» **DESCRIPTION OF THE TASK**
Omit the pictures and return exactly the stretch of the material below from the line with "Tämän kurssin avulla" through the line with "手軽に食べられるサイズのトー".

» **RECORDS SHOWN**
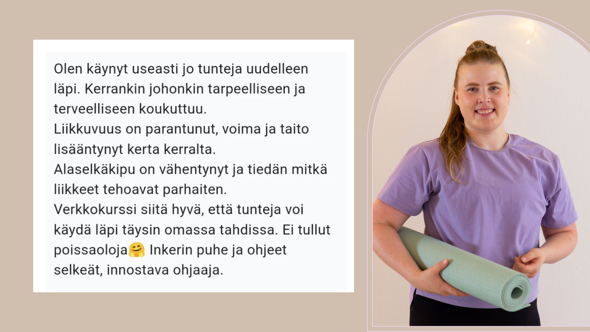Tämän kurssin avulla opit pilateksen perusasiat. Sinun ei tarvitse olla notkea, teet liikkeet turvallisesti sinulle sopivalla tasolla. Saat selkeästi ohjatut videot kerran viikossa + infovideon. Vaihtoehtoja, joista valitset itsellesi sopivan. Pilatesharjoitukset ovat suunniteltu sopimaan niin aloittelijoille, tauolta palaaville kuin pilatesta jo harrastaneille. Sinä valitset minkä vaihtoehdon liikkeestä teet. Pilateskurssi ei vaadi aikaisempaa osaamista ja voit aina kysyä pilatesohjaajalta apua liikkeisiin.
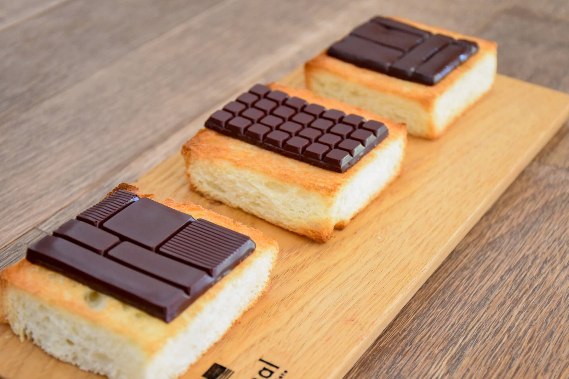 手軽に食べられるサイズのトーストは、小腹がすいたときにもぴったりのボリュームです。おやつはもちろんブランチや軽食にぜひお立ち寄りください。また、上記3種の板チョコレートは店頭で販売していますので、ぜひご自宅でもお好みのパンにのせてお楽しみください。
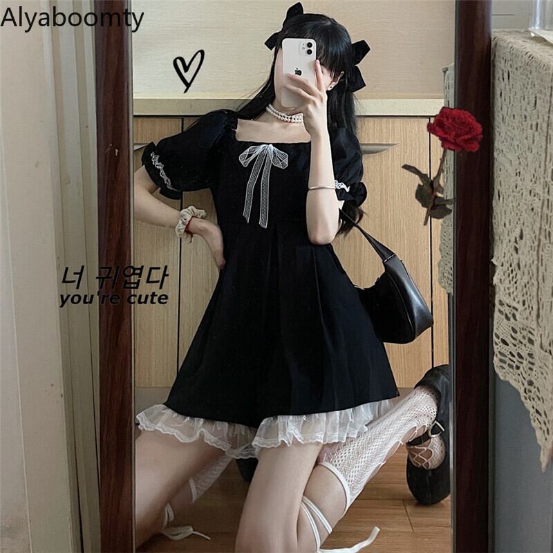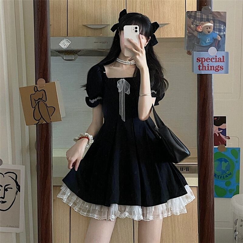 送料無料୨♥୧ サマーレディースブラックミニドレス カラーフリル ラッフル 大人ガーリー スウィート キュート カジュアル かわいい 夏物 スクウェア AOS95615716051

...

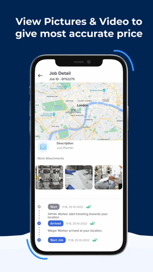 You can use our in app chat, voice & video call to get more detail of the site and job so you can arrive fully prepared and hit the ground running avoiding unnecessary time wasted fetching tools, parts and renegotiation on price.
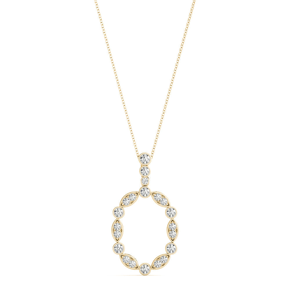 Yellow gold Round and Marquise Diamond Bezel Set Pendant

» **EXERCISE RESULT**
Tämän kurssin avulla opit pilateksen perusasiat. Sinun ei tarvitse olla notkea, teet liikkeet turvallisesti sinulle sopivalla tasolla. Saat selkeästi ohjatut videot kerran viikossa + infovideon. Vaihtoehtoja, joista valitset itsellesi sopivan. Pilatesharjoitukset ovat suunniteltu sopimaan niin aloittelijoille, tauolta palaaville kuin pilatesta jo harrastaneille. Sinä valitset minkä vaihtoehdon liikkeestä teet. Pilateskurssi ei vaadi aikaisempaa osaamista ja voit aina kysyä pilatesohjaajalta apua liikkeisiin.
 手軽に食べられるサイズのトーストは、小腹がすいたときにもぴったりのボリュームです。おやつはもちろんブランチや軽食にぜひお立ち寄りください。また、上記3種の板チョコレートは店頭で販売していますので、ぜひご自宅でもお好みのパンにのせてお楽しみください。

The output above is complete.